• Source information
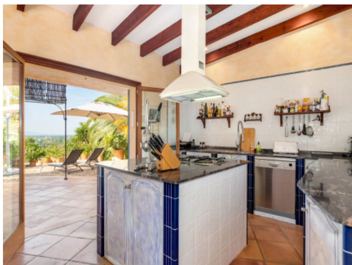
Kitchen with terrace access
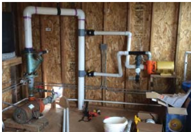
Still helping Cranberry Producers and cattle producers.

* * *

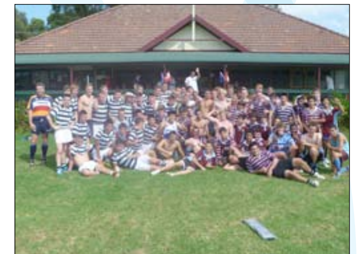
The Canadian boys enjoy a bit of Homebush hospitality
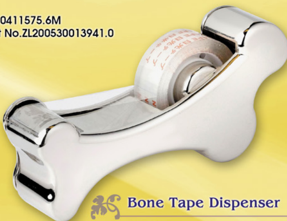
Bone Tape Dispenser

* * *

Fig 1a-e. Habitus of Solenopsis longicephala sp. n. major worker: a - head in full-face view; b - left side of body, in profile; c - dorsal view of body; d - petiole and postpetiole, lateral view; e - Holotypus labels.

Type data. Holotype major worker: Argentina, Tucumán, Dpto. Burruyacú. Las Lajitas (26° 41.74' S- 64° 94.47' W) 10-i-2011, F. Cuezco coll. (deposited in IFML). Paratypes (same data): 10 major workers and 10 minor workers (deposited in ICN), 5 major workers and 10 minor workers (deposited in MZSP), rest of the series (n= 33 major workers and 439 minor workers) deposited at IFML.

• The problem
Would you write out exactly the lines above, starting at the line containing "Kitchen with terrace access" and stopping after the line containing "Still helping Cranberry"? Omit the pictures.

• Output of the exercise
Kitchen with terrace access
Still helping Cranberry Producers and cattle producers.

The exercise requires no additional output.